# Broken marriage after baby



## Raya (Dec 31, 2015)

Counseling appt next week for mysel, desperate for objective insight in the interim!! I'm new to this forum.

My husband is a very conflict avoidant, clueless partner. If you asked him right now if he thought everything in our relationship was copacetic he would probably say "yeah". We had a pretty rock solid relationship until we had our son a little over a year ago, everything seems to be imploding these last few months though. Seems we've both changed in ways that are making us less compatible with each other. He listens but doesn't hear, when I say there are issues he kind of said whatever will end the conversation as quickly as possible because he doesn't like these conversations, usually it's "do what you need to do" or something. He's fearful, I'm adventurous/a risk taker; he makes empty promises/goals/plans, I am a woman of my word. He's generally more absorbed with his phone than our son; he's affectionate but I feel so unheard and disconnected that I'm not interested in his affection. It's gotten to the point where I can barely recognize my love for him anymore. He ACTIVELY and admittedly tries to annoy me, the only thing he achieves by doing this is pushing me away). I feel like his mother because I pick up after him as much as I pick up after our one year old. When we're intimate it's really disconnected and quite awkward, at least for me. I'm really not entirely sure how much longer I can keep this up. It's not like he's abusive or anything, just seems like compatibility has taken a serious nose dive.


----------



## EleGirl (Dec 3, 2011)

Raya, I'm repeating my post from the other thread here. 

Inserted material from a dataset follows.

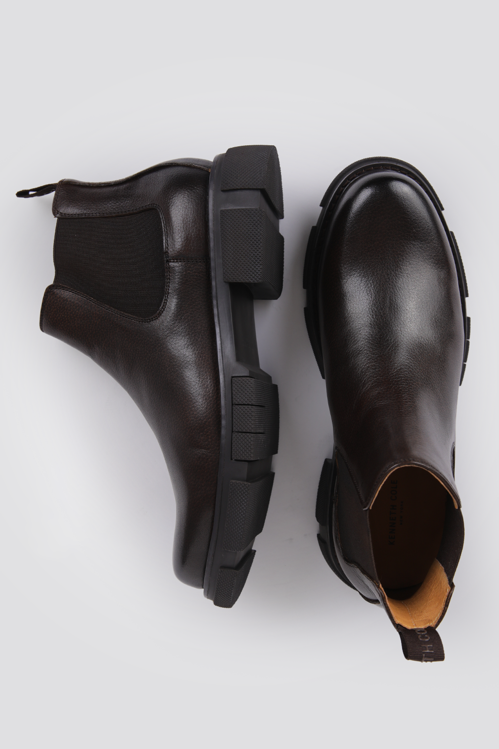 מגפוני עור מבית המותג KENNETH COLE עם בד גומי בצידי הנעל לנעילה קלה וסוליית טרקטור, נוחים ומתאימים להליכה מרובה.

Glad to see that you are starting counseling for yourself. I hope you get a lot of help with that.

Has he always been this obsessed with his phone? Seems a bit odd. Have you checked his phone bill see if there is any one number he's talking to and texting a lot?

I'm reposting this link just in case you did not see it... the author has a very good book "Divorce Busting" that help you.

Get Relationship Advice and Solve Marriage Problems with Michele Weiner-Davis - Divorce Busting®

Two other books that I think are must reads for you are “His Needs, Her Needs” and “Love Busters” by Dr. Harley.

This is a very crucial time in your marriage. Believe it or not, it’s completely possible to rebuild your marriage and the love/connection the two of you sued to have. But you would need to act very decisively.

The books I suggested have a lot of good info.

After you read them and get some clarity, I suggest that you write out what you want to tell your husband that the issues are and what you want from the marriage and from him. You have to let him know that in order for you to continue in the marriage, these things have to happen.


----------



## EleGirl (Dec 3, 2011)

Also, do you have a job outside the home?


----------



## turnera (Jan 22, 2010)

First find out if he is afraid. Many men are simply scared to death to deal with babies/kids or are either clueless in HOW to deal with them, so they retreat. How often do you plop your baby on his lap and say "I'm gonna go take a bath; have fun!"? Ease him into caring for his baby, whether he wants it or not. If he starts warming up to the baby once he sees he won't break it, that may be your problem.


----------



## OpenWindows (Dec 25, 2015)

You say he's actively trying to annoy you... Was he always this way? Could he be trying to get your attention?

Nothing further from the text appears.